Autismo Compreensivo: uma entrevista com Roberto Fernández Galán, PhD, Professor Adjunto, Encaixota a Faculdade de Medicina Ocidental da Reserva

Published on February 25, 2014 at 10:21 AM · No Comments

IMAGEM do ARTIGO de Roberto Fernández Galán

A Entrevista conduziu daqui até abril Cashin-Garbutt, VAGABUNDOS Hons (Cantab)

Por Favor pode você descrever as características as mais típicas do autismo?

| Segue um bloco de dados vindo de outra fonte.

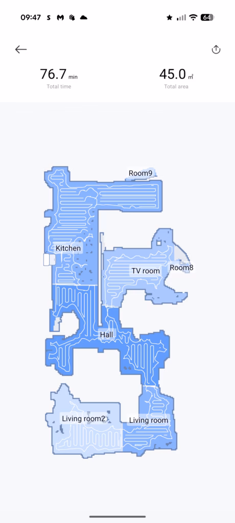 Route planning is logical. It follows a methodical back-and-forth pattern in open spaces and navigates around obstacles without excessive ping-ponging. One minor criticism: it sometimes makes odd detours that don’t seem necessary, adding a few minutes to the cleaning cycle. I suspect this is related to its edge-cleaning behaviour, where it might deviate from the optimal path to ensure it covers wall edges properly.
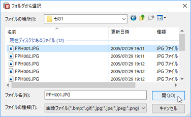 目的の画像をクリックし、[開く(O)]ボタンをクリックします。![]() |
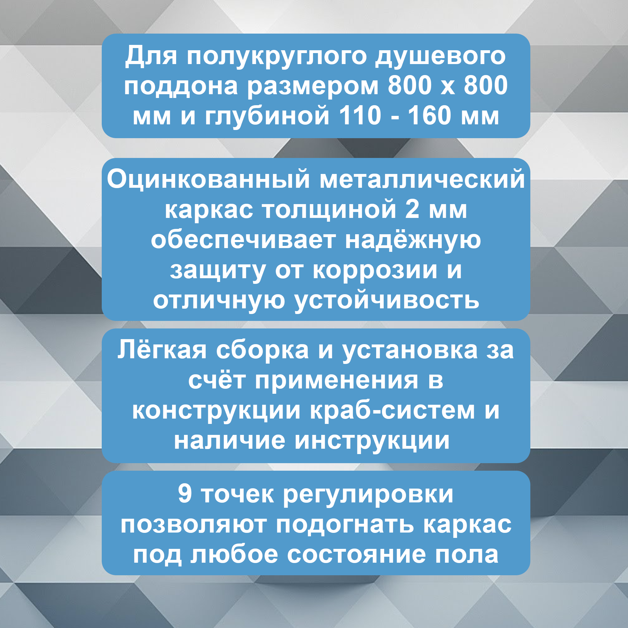 Купить Каркас для полукруглого душевого поддона 800х800 с доставкой по всей России. Каркас для полукруглого душевого поддона 800х800: сравнение цен, характеристики, фото, актуальное наличие и цены.
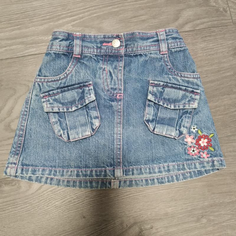 💥Одежда для девочек - https://shafa.ua/my/clothes?catalog=dlya-devochek 💥Весь ассортимент нашего магазина: https://shafa.ua/member/family-tex 💥Подпишись, что бы быть в курсе новинок и акций! ____________________________________________________________ Джинсовая очень класнючая юбочка для девочки, б/у, ТМ GEORGE, состояние отличное, но видно что была в стирке. На бирке значится возраст на 1-1,5 года на рост 81-86, но моя худенькая дочка носила ее в 5-6 лет при росте 110/116. Тоесть размер универсальный, ориентир на мерки. Форма - тропеция В поясе сзади вшита очень хорошая резинка для регулировки полноты Спереди 2 полноценных кармашка на липучках Сбоку вышивка - цветочки Мерки: Длина - 23 см сзади, 22,5 см спереди Ширина в поясе в нерастянутом виде - 22 см + тянется за счет резинки до 27 см Ширина по низу - 33,5 м
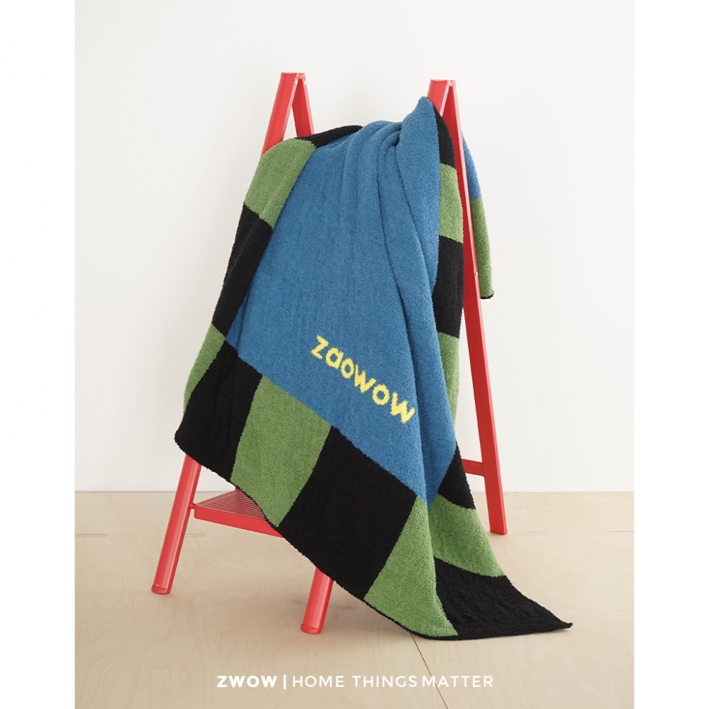 造臥zwow孟菲斯格子紋中古雙面加厚半邊絨蓋毯休閑毯毛毯午睡毯子
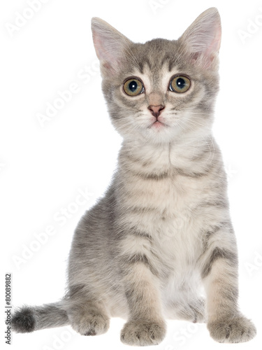 Fototapeta premium British shorthair tabby kitten sitting isolated
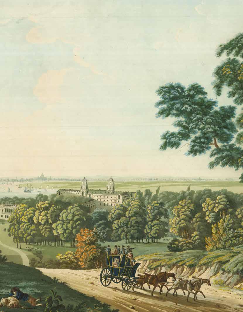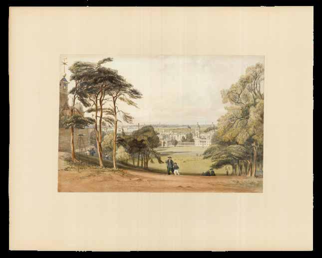 The present print shows the impressive façade of Greenwich Hospital, designed by Sir Christopher Wren, as seen from the Isle of Dogs. In 1873, the buildings of the Hospital were repurposed as the Royal Naval College, a training establishment for the Royal Navy, which it would remain until 1998. Here, numerous ships appear on the waters of the Thames, with clouds and birds gathering overhead.
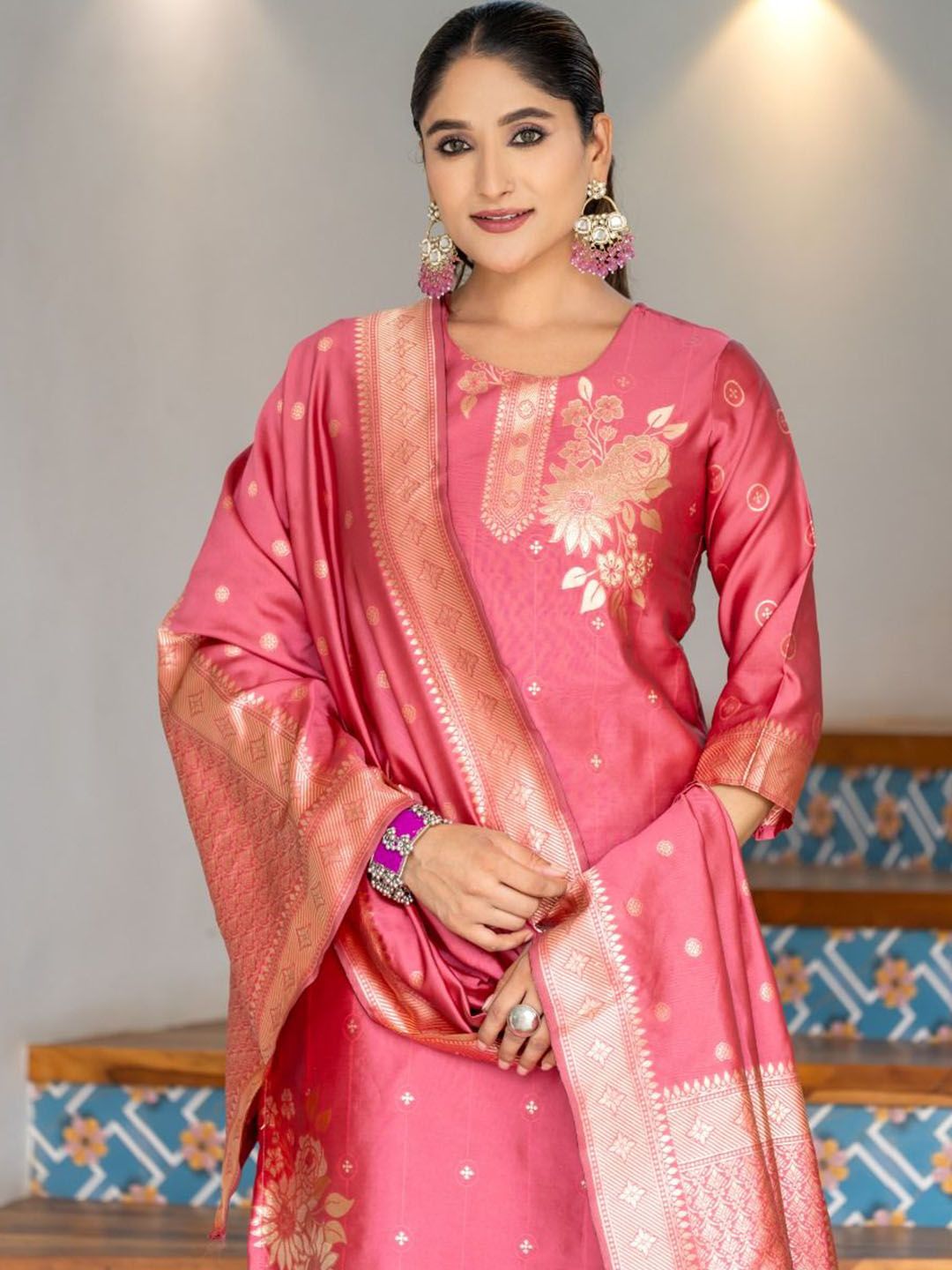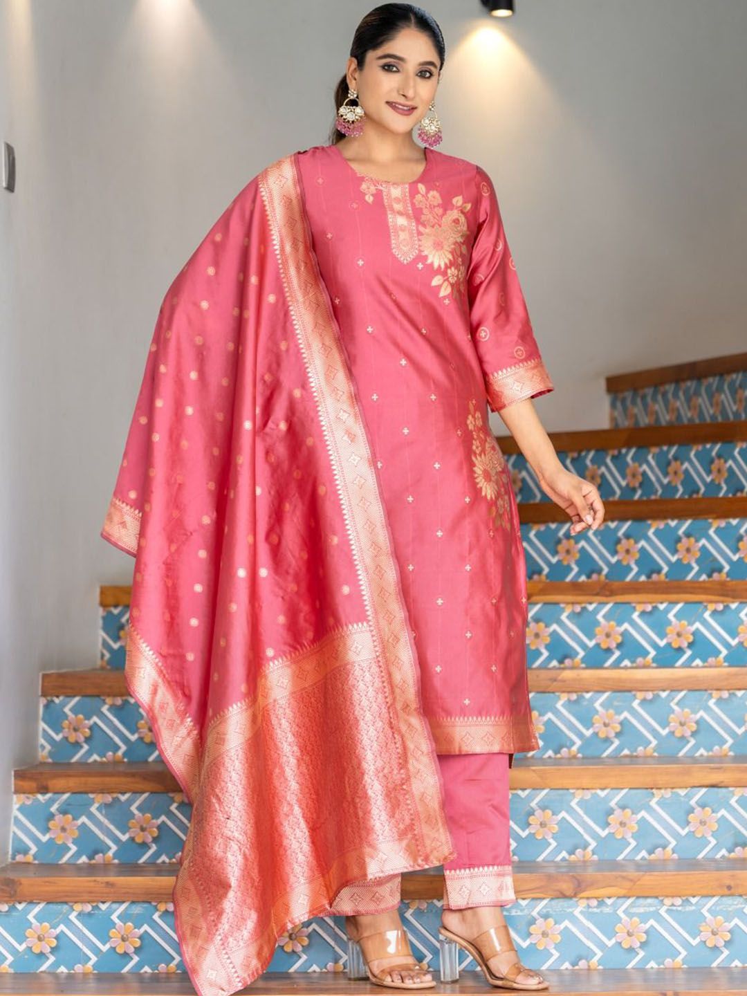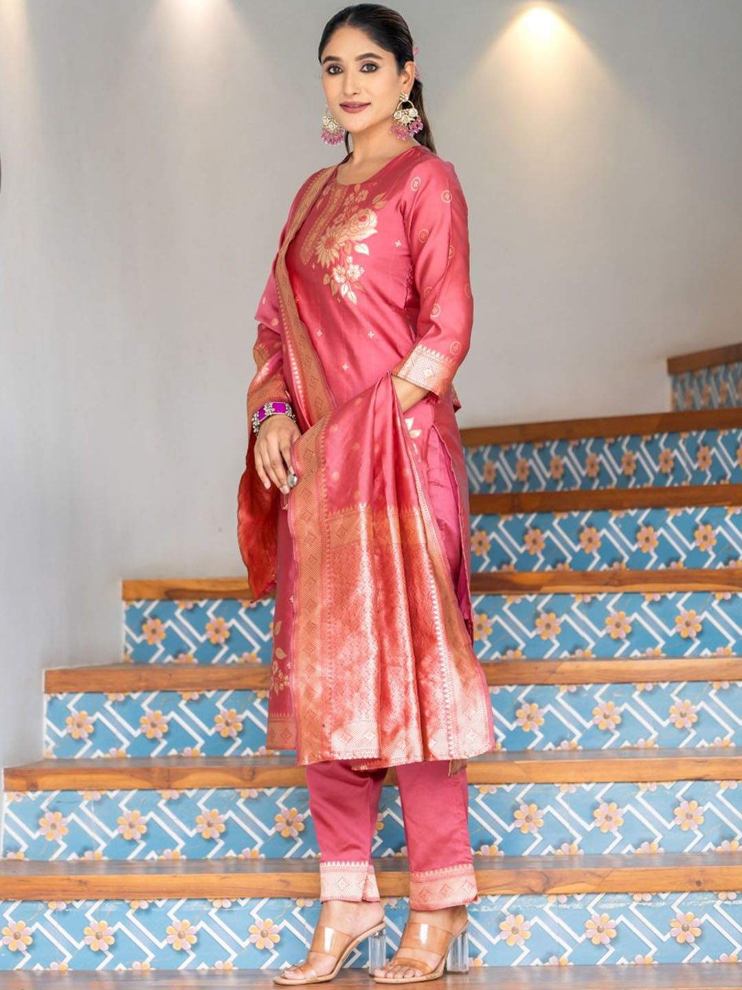 Twika Women Woven Design Kurta with Trousers & Dupatta

O Autismo não vem em apenas um sabor. É um espectro das desordens que compartilham de diversas características: interacções sociais danificadas; uma comunicação verbal e não-verbal danificada; e comportamentos restringidos, repetitivos.

Que foi sabido previamente como a razão para a retirada em seu próprio mundo interno?

A retirada aparente no auto é ligada à falta do interesse em interacções sociais mas a razão não é sabida. Um Pouco do que fornecendo uma explicação final para este formulário do comportamento, nosso estudo mostra que correlaciona com as características específicas da actividade de cérebro.

Sua pesquisa recente encontrou que os cérebros de crianças autísticas geram mais informação em repouso. Como você fez este encontrar?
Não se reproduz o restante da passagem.